Go to the line with "巖心實驗表明,火山巖儲層具有" in the records below, then output it and each following line exactly, up to and including the line with "セネガルバスケット 蓋付きぷっくり細長カゴH55 黒". Skip pictures and add nothing.

Source material:
Segment Open
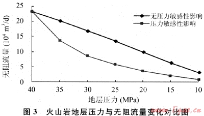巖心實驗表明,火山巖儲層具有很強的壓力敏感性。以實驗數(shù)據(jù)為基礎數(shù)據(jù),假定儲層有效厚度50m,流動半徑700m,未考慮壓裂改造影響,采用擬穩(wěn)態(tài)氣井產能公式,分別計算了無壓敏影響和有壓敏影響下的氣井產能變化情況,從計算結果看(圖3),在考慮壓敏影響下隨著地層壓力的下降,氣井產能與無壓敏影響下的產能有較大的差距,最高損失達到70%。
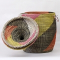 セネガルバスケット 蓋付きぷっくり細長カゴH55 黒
Segment Closed
Segment Open
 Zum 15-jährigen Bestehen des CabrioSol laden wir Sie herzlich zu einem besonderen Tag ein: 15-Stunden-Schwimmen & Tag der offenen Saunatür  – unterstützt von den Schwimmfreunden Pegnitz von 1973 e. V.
Segment Closed
Result of the exercise:
巖心實驗表明,火山巖儲層具有很強的壓力敏感性。以實驗數(shù)據(jù)為基礎數(shù)據(jù),假定儲層有效厚度50m,流動半徑700m,未考慮壓裂改造影響,采用擬穩(wěn)態(tài)氣井產能公式,分別計算了無壓敏影響和有壓敏影響下的氣井產能變化情況,從計算結果看(圖3),在考慮壓敏影響下隨著地層壓力的下降,氣井產能與無壓敏影響下的產能有較大的差距,最高損失達到70%。
 セネガルバスケット 蓋付きぷっくり細長カゴH55 黒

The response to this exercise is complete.